For BIMCORP, the confidentiality and proper protection of personal data are of the utmost importance. Therefore, we are committed to handling the personal data you provide to us responsibly and in accordance with the Federal Law on the Protection of Personal Data Held by Private Parties, its Regulations, and all other applicable legal provisions [hereinafter, the "Law"].

Handling of Your Personal Data

Our main purpose is to provide you with reliable, secure, and efficient company incorporation services, as well as other legal and non-legal services, through our Service Partners, including notaries, attorneys, and accountants.

For this purpose, BIMCORP uses technological tools that are necessary to receive, organize, analyze, and follow up on the information provided by the User, solely to address the User's request and provide the requested services.

All technology used to process your information is subject to high information security standards.

Security Measures

Your personal data is protected through administrative, physical, and technical security measures designed to prevent loss, alteration, destruction, unauthorized use, access, or disclosure.

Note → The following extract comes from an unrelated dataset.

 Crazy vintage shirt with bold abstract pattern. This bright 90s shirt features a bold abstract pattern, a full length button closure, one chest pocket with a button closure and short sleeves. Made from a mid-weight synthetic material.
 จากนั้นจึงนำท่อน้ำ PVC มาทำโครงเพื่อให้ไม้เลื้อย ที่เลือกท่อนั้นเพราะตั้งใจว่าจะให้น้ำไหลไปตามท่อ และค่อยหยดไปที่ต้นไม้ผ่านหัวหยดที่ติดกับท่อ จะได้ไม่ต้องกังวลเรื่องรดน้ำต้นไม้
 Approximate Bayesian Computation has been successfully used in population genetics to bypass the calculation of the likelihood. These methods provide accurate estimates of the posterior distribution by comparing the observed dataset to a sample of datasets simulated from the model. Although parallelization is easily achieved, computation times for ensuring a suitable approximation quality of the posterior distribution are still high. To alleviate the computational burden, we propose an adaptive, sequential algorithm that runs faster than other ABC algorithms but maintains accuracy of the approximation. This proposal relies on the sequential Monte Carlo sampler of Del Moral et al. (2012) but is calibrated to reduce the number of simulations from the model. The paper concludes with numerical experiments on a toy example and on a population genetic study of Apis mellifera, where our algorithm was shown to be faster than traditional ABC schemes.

Purposes for Which We Collect and Use Your Personal Data

Your personal data may be used to carry out any or all of the following purposes:

• To receive, analyze, and follow up on your service request.
• To identify the applicable service, legal structure, or course of action.
• To contact you to request additional information, schedule calls, follow up on the process, and provide the requested services.
• To share strictly necessary information with Service Partners, including notaries, attorneys, accountants, advisors, financial institutions, authorities, or operational third parties, when necessary to provide the requested services or carry out the relevant procedures.
• To prepare documents, create files, and carry out corporate, legal, tax, administrative, or compliance-related actions connected with the requested services.
• To respond to requests regarding ARCO Rights, revocation of consent, limitation of use or disclosure of personal data, as well as any inquiry related to the processing of your personal data.
• To comply with legal, contractual, tax, administrative, or regulatory obligations applicable to BIMCORP.

Consent for the Processing of Personal Data

Pursuant to Articles 7, 8, 11, 14, 15, and 16 of the Federal Law on the Protection of Personal Data Held by Private Parties, except where the Law requires express consent, the processing of your personal data for the primary purposes described in this Privacy Notice shall be deemed tacitly consented to when this Privacy Notice has been made available to you and you do not object to the processing of your personal data.

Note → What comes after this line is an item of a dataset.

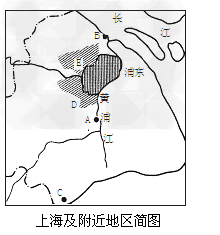 4、综合题 读“上海及附近地区简图”,回答问题。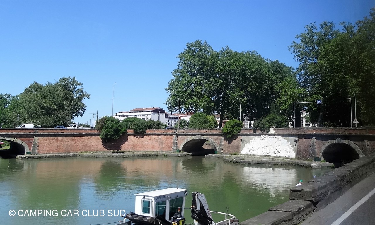 Nous sommes aux ponts jumeaux, sur le port de l'embouchure, c'est l'extrémité occidentale du Canal du Midi, à proximité de la Garonne. Malheureusement, la jonction avec la Garonne n'existe plus, si on veut la rejoindre, il faut passer par le Canal de Brienne.

When BIMCORP processes financial, asset-related, or sensitive personal data, it shall obtain the express consent required under applicable law.

How We Obtain Your Personal Data

For the purposes set forth in this Privacy Notice, we may collect your personal data when you use any of our services through our website or through any other channels made available by BIMCORP, provided that you do not object to the processing of your personal data.

Personal Data That May Be Collected and Processed

The personal data that BIMCORP may collect and process includes, by way of example: name, email address, telephone number, nationality, date of birth, marital status, address, CURP, RFC, tax identification certificate, data contained in official IDs, passports, immigration documents, powers of attorney, corporate records, proof of address, corporate information, tax information, and any other documents or data voluntarily provided by the User for the provision of the requested services.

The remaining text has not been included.